XI. АНАРХИЯ (ПРОДОЛЖЕНИЕ)

Дальнейшее ее развитие. — Способы действия. — Международный союз рабочих (Интернационал). — Коммунисты-государственники и мютюэлисты (прудопианцы). — Сенсимонизм.

Мы вкратце познакомились с развитием анархической мысли начиная с Французской революции и Годвина до Прудона. Ее дальнейшее развитие происходило в Международном союзе рабочих, союзе, внушившем столько надежд рабочим и столько страха буржуазии в 1868-1870 гг., как раз перед началом франко-немецкой войны.

Что этот союз не был основан Марксом, как это любят утверждать марксисты, — это ясно. Известно, что он был следствием встречи делегации французских рабочих, приехавших в 1862 г. в Лондон для осмотра Второй Всемирной выставки, с представителями английских профессиональных союзов (трэд-юнионов), которые вместе с присоединившимися к ним несколькими английскими радикалами встречали эту делегацию. Связь, установившаяся с этого посещения, еще более окрепла по случаю митинга сочувствия Польше в 1863 г., и в сентябре следующего 1864 г. на митинге в Сент-Мартинс Холле Союз был основан окончательно. Марксу поручили составить воззвание Союза, которое было напечатано в конце года особою брошюрою, вместе с Временным Уставом Интернационала, выработанным особым комитетом.

Уже в 1830 г., в то время, когда основывался в Англии Великий Национальный Союз всех ремесел (The Great National Trades Union), Роберт Оуэн пытался устроить Международный Союз всех ремесел.

Но скоро эту мысль пришлось оставить, так как английское правительство стало яростно преследовать Национальный Союз. Однако мысль Интернационала не была потеряна; она тлела под пеплом в Англии, нашла сторонников во Франции, и после поражения, которое потерпела революция 1848 г., та же мысль была перенесена французскими изгнанниками в Соединенные Штаты и распространялась там французскою газетою «Интернационал».

Французские рабочие, посетившие Лондон в 1862 г., были большею частью прудонисты, т.е. мютюэлисты; английские же члены рабочих союзов принадлежали, главным образом, к школе Роберта Оуэна. Английский оуэнизм таким образом соединился с французским мютюэлизмом, вне влияния политической буржуазии; и следствием этого союза было основание сильной международной организации рабочих с целью вести борьбу, главным образом на экономической почве и раз навсегда порвать со всякими радикальными, чисто политическими партиями [15].

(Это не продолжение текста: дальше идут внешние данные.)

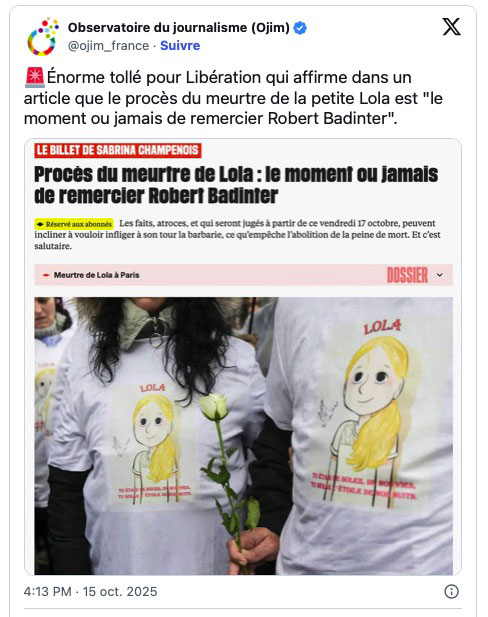 Après avoir rappelé les circonstances sordides du meurtre de Lola, après avoir rappelé l’absence d’empathie ou de remords de la part de la tueuse, après avoir reconnu que le « mobile » (un problème de passe d’accès refusé par la maman de Lola, gardienne d’immeuble) était d’une atroce futilité, la journaliste rappelle les lecteurs de Libération à la « raison ».

Этот союз двух главных направлений среди рабочих-социалистов того времени нашел поддержку в лице Маркса и других — у остатков тайной политической организации коммунистов; в нее входило тогда все, что еще оставалось от тайных обществ Барбеса и Бланки, которые, подобно немецким тайным коммунистическим обществам Вейтлинга, вели свое начало из заговора государственных коммунистов, организованного Бабефом в 1794-1795 гг.

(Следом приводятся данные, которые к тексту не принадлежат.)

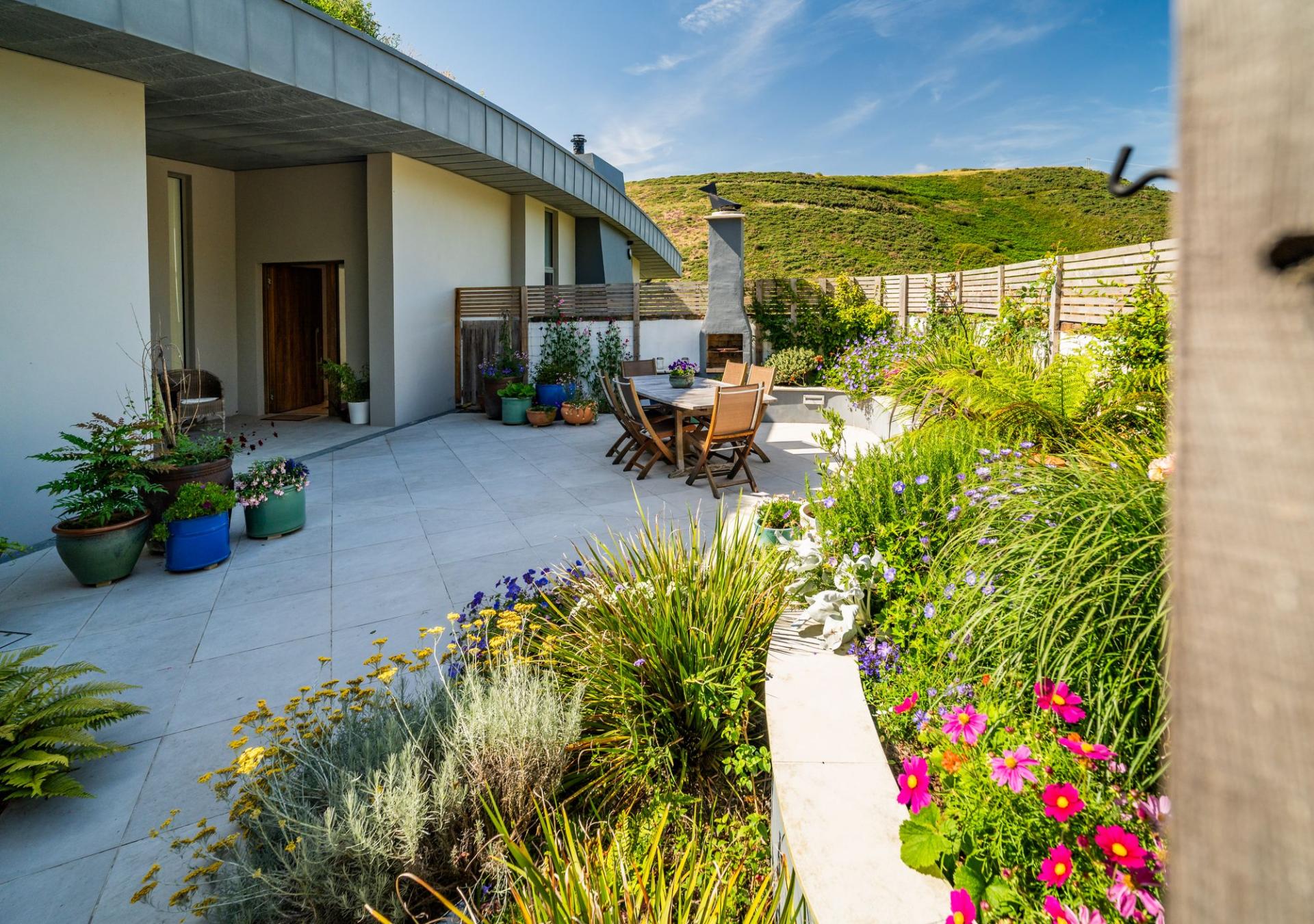 The south-facing terrace is a sublime place for morning coffee or evening wine. Landscaped into the hillside, the garden flows seamlessly into wild meadows and woodland.

В одной из предыдущих глав (гл. V) читатель видел, что 1856-1862 гг. были отмечены необыкновенным подъемом естественных наук и философии. Это были также годы почти всеобщего политического пробуждения радикальных идей в Европе и Америке. Оба эти движения пробуждали и рабочие массы, которые начали понимать, что им самим предстоит задача подготовить народную пролетарскую революцию. После поражения политической революции 1848 г. выступила мысль о необходимости подготовления экономической революции в среде самих рабочих. На Международную выставку 1862 г. смотрели как на великий праздник мировой промышленности, и она сделалась отправным пунктом развития в борьбе труда за свое освобождение; и когда Международный союз рабочих громко заявил о своем разрыве со всеми старыми политическими партиями и о решении рабочих взять в свои руки дело своего освобождения, он повсеместно произвел глубокое впечатление.

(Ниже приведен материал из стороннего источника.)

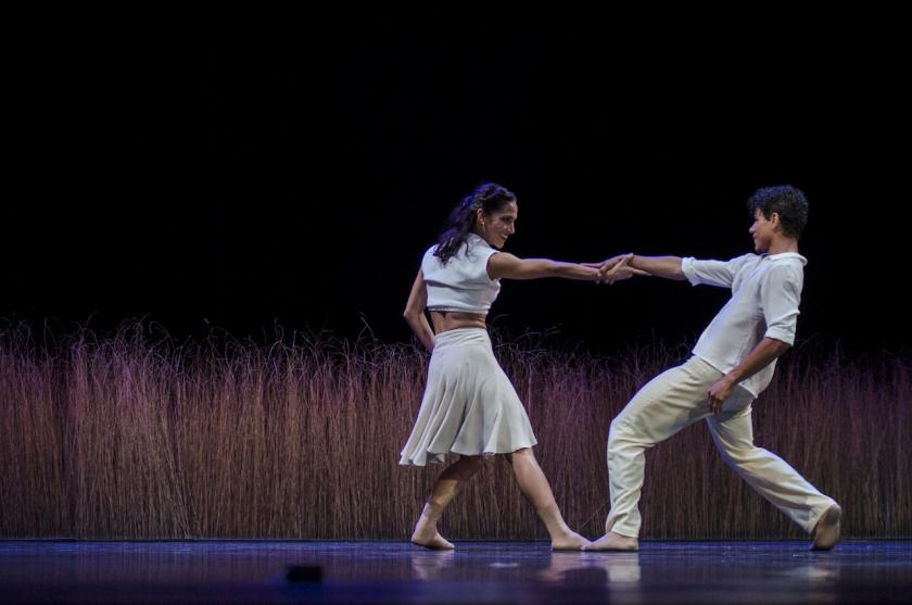 Hybrid, a new full-ensemble commission for Acosta Danza with a Hunger Games vibe, was the only piece that left me cold. I had to suppress a giggle when a maypole-like contraption descended from the ceiling, each of the 12 dancers solemnly took the end of a rope, waggled it for a bit, then watched it ascend from whence it came. The theme is loosely, very loosely, the myth of Sysiphus, condemned forever to roll a boulder up a hill, but both hills and large boulders being hard to conjure, the rope thing has to suffice and the piece, while brimming with youthful defiance, doesn't cohere.

Действительно, Интернационал начал быстро распространяться в латинских странах. Его боевая сила скоро достигла угрожающих размеров, тогда как конгрессы его федераций и ежегодные конгрессы всего Интернационала давали рабочим возможность самим обсуждать, в чем должна состоять социальная революция и как могла бы она совершиться. Они, таким образом, побуждали созидательные силы рабочих масс изыскивать новые формы объединения для производства, потребления и обмена.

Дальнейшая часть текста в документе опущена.